## Activity
With the pictures left out, transcribe exactly the lines from the one with "Duplicate Voter Problem What" through the end of the data.

## Supplied information
☆ ☆ ☆ ☆ ☆

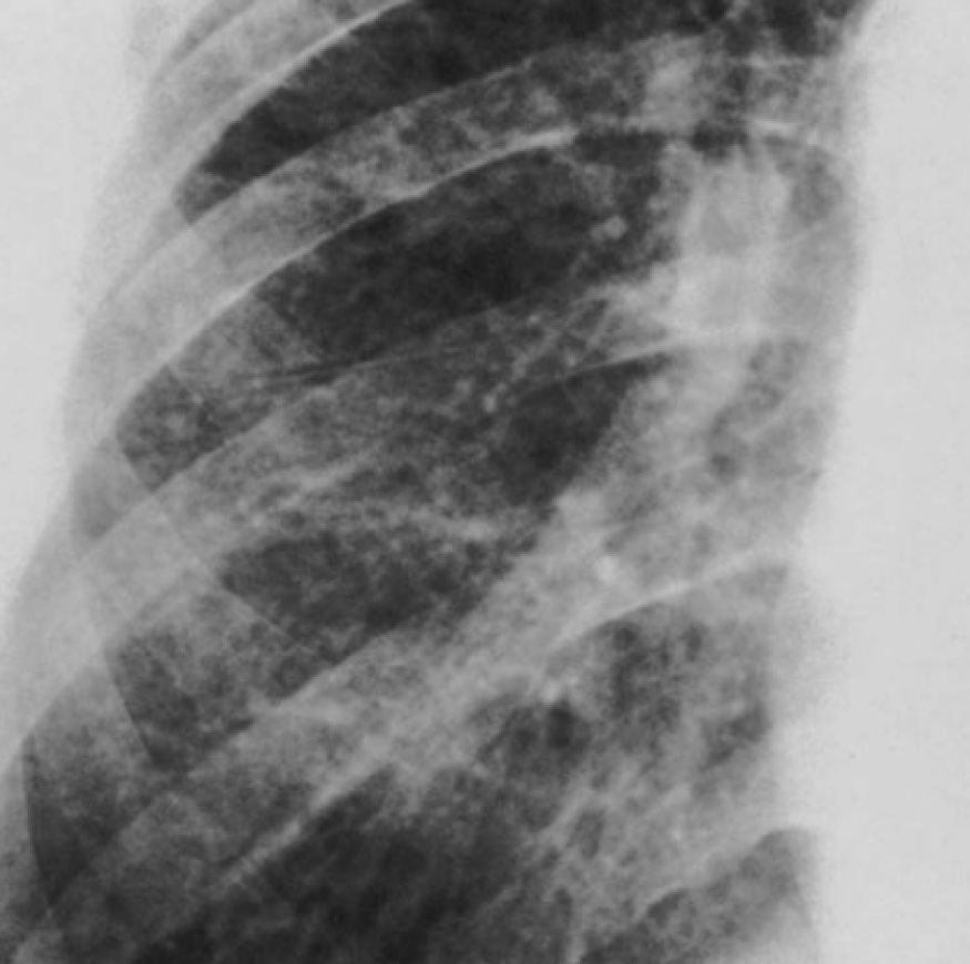 Рисунок 3. Силикоз. Увеличенный фрагмент рентгенограммы в прямой проекции – нижние отделы правого легочного поля. У больного в обоих легких определяются множественные, достаточно четко ограниченные милиарные узелки и диффузные ретикулярные изменения
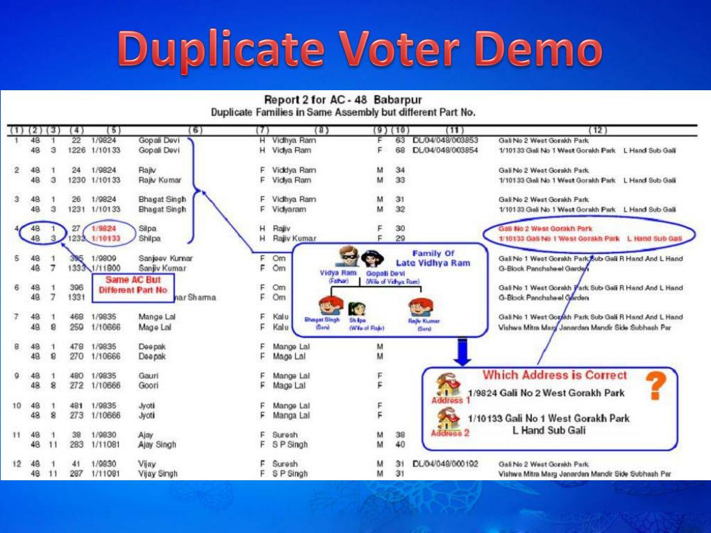 Duplicate Voter Problem What can be done • Booth Level Planning • Identify Booths where Polling Was Good but Turnout was Bad • Will Give Party an Incremental Edge Tackling the Duplicate Voter Problem • As many as 5 Lac Voters are registered at more than one place in Delhi. • Using its RSS-Cadre, BJP is able to caste some of these votes. • These can be deleting by timely detection and pursuing with Election Commission.
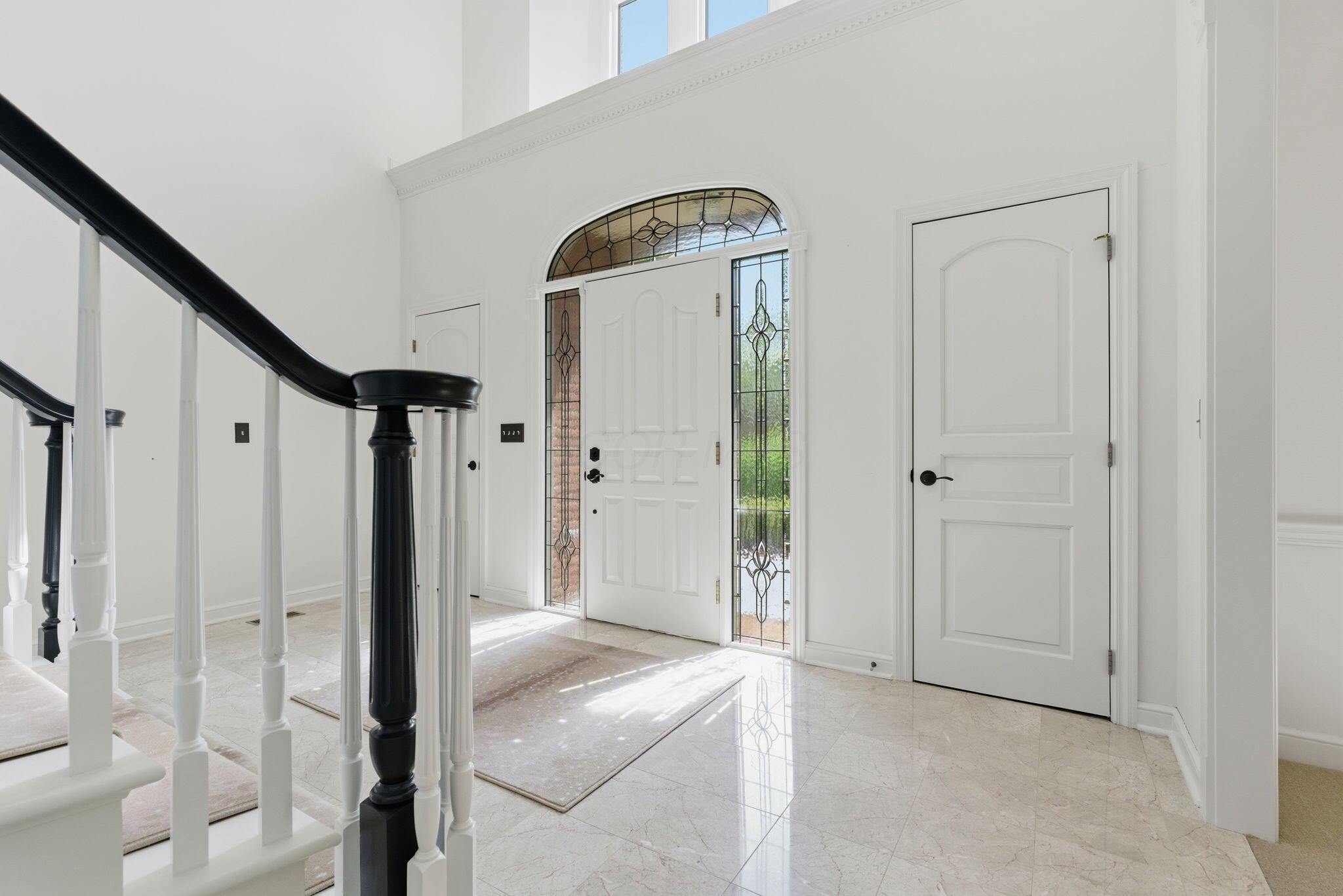 Stunning 5-bedroom, 4-full-bath Center Hall Colonial combines classic design with modern luxury. Step into a two-story entry foyer featuring an elegant circular staircase. The home offers a formal dining room, living room, & an oversized eat-in kitchen with granite countertops and upscale finishes throughout. Enjoy the sunroom, dry bar, and a spacious great room with a gas fireplace.

☆ ☆ ☆ ☆ ☆

## Written answer
 Duplicate Voter Problem What can be done • Booth Level Planning • Identify Booths where Polling Was Good but Turnout was Bad • Will Give Party an Incremental Edge Tackling the Duplicate Voter Problem • As many as 5 Lac Voters are registered at more than one place in Delhi. • Using its RSS-Cadre, BJP is able to caste some of these votes. • These can be deleting by timely detection and pursuing with Election Commission.
 Stunning 5-bedroom, 4-full-bath Center Hall Colonial combines classic design with modern luxury. Step into a two-story entry foyer featuring an elegant circular staircase. The home offers a formal dining room, living room, & an oversized eat-in kitchen with granite countertops and upscale finishes throughout. Enjoy the sunroom, dry bar, and a spacious great room with a gas fireplace.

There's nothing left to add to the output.